Tuesday, March 9, 2010

The Bretton Woods Agreement was also aimed at preventing currency competition and promoting monetary co-operation among nations. Under the Bretton Woods system, the IMF member countries agreed to a system of exchange rates that could be adjusted within defined parities with the US dollar or, with the agreement of the IMF, changed to correct a fundamental disequilibrium in the balance of payments. The per value system remained in use from 1946 until the early 1970s.
The United States, under President Nixon, retaliated in 1971 by devaluing the dollar and forcing realignment of currencies with the dollar. The leading European economies tried to counter the US move by aligning their currencies in narrow band and then float collectively against the US dollar.


Fortunately, this currency war did not last long and by the first half of the 1970’s leading world economies gave up the fixed exchange rate system for good and floated their currencies in the open market. The idea was to let the market decide the value of a given currency based on the demand and supply of the currency and the economic health of the currency’s nation. This market is popularly known as the International Monetary Market or IMM. This IMM is not a single entity. It is the collection of all financial institutions that have any interest in foreign currencies, all over the world. Banks, Brokerages, Fund Managers, Government Central Banks and sometimes individuals, are just a few examples.
This is very much the present system of exchange of foreign currencies. Although the currency’s value is dependent on the market forces, the central banks still try to keep their currency in a predefined (and highly confidential) fluctuation band. They accomplish this by taking one or more of various steps.
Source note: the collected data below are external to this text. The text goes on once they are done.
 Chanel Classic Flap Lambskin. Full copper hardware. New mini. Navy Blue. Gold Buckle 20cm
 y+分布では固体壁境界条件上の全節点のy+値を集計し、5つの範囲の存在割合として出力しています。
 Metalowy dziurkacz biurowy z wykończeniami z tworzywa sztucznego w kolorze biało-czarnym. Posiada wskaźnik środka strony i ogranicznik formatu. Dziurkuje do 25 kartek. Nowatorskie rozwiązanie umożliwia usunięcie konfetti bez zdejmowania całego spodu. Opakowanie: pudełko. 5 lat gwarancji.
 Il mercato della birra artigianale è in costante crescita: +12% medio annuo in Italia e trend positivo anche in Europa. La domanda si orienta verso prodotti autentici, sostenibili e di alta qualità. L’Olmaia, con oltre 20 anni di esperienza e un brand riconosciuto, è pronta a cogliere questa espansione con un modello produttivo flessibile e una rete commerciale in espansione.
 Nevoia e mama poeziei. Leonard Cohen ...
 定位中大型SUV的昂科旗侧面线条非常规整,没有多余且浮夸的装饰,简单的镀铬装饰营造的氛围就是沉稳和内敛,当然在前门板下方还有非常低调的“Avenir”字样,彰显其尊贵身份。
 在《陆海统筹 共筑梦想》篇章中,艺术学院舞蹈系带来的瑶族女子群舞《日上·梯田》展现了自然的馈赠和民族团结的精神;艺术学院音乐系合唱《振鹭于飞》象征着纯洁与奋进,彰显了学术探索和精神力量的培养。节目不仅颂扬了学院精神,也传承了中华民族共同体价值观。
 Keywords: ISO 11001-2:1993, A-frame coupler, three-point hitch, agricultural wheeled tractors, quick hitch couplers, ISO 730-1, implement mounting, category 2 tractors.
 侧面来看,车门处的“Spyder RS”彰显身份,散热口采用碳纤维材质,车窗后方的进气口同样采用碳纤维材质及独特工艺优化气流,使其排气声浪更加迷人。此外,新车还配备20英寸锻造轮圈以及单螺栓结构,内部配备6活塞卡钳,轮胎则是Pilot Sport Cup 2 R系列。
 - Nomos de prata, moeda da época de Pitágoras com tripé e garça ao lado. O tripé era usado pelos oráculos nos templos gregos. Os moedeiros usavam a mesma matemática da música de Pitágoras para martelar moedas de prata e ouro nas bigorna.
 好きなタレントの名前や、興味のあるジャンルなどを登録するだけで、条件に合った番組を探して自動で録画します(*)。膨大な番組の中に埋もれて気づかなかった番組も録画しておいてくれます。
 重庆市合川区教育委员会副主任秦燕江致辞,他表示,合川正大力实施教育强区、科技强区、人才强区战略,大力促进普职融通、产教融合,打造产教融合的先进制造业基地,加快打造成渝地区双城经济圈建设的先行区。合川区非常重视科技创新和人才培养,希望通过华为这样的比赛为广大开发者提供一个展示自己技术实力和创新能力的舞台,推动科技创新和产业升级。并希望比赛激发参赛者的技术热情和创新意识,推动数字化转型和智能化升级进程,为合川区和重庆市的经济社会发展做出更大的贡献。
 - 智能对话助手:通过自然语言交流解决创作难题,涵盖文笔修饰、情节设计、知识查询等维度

The International Trade Organization that had been planned in the Bretton Woods Agreement could not be realized in the form initially envisaged - the US Congress would not endorse it. Instead, it was created later, in 1947, in the form of the General Agreement on Tariffs and Trade, which was signed by the US and 23 other countries including Canada. The GATT would later become known as the World Trade Organization. In recent years, the two international institutions created at Bretton Woods the World Bank and the IMF have faced a major challenge in helping debtor nations to get back on stable financial footing.